We tend to think of electric cars as simply zero-emissions vehicles that get us from A to B, mostly over shorter distances. We often overlook the fact that they facilitate several other elements too.
One now being increasingly used is the ability to have software updates sent ‘over the air’. In other words, your car’s ability to do certain things, or new things, is expanded without needing to have anything done physically.
Here’s what Tesla told us earlier this week on that front: “Every single Model S, Model X and Model 3 ever built will receive new features and improvements from Software Version 9.0.”
No need to go to the garage or have bits added or replaced. Your Tesla just gets upgraded; full stop. I like their phrase that it is a reminder when owning one of those cars that it will “only get better over time”.
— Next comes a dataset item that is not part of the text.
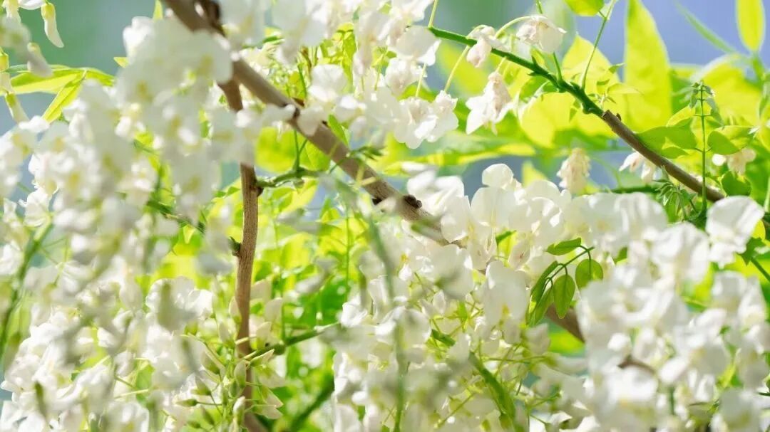 白色的安了寺紫藤洁白如雪,仙气飘飘,与紫、粉两色形成鲜明对比,点缀在花海之中,更显清新雅致。

After the latest update, they say you’ll wake up with a car that is “smarter, safer and more intuitive” than before.
It is their most substantial update yet and means the user interface is simplified, as well as there being new elements.
Nice to know that by using the firm’s app you can start a vehicle software update without having to be in your car at all.
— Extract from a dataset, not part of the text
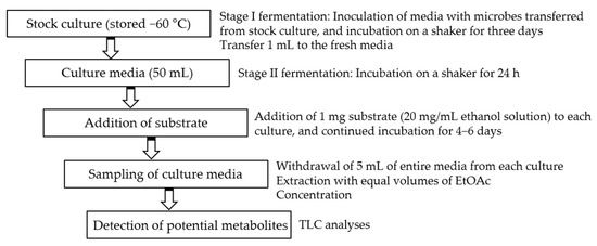 Initial fermentations were performed in 50 mL media. A two-stage fermentation method was employed in all experiments [26]. After inoculation and continued incubation for 24 h, the solution of each substrate (1–3) in ethanol (20 mg/mL) was distributed to each flask. The concentration of each substrate in the media was 0.02 mg/mL. Incubation was further continued for 4–6 days. The two parallel controls were conducted under the same conditions, i.e., substrate controls (substrate in microorganism-free culture media) and culture controls (microorganisms in substrate-free culture media). Substrate-containing microbial media were sampled by withdrawing 5 mL of entire media at every two days after addition of substrate. They were extracted with equal volumes of EtOAc. The organic layers were concentrated and spotted on thin layer chromatography (TLC) plates, and developed with chloroform/methanol (6:1). After spraying anisaldehyde-sulfuric acid reagent, the TLC plates were heated over 100 °C for detection of potential metabolites (Scheme 1).

Model S, Model X and Model 3 vehicles built with Hardware 2.5 (from August 2017) now let you record and store video.
There is also a new application launcher that brings all your apps together in one place (calendar, web browser, rear-view camera, phone, charging etc). All eight external cameras from their Full Self-Driving hardware in each model are now active too.
On a lighter note, the company has added some “hidden features” to the cars’ large central display screen.
For example, some classic arcade games from Atari can be discovered when the car is in ‘Park’. Should be fun as when you find them they change the controls on the steering wheel and touchscreen to that of a games console.
On a more serious note, the firm cites the National Highway Traffic Safety Administration – the US safety body – as confirming that the Model 3 (supposedly due here next year) is the safest car it has tested.
It follows the Model S and Model X in achieving the “lowest probability of injury” of any vehicle tested.
FORD will launch a wagon version of the Mondeo with their petrol-electric hybrid system next MarchThey say the wagon body style was developed exclusively for European customers. Full spec and pricing will be announced closer to sale date. As I say, the firm already has a hybrid saloon on the market.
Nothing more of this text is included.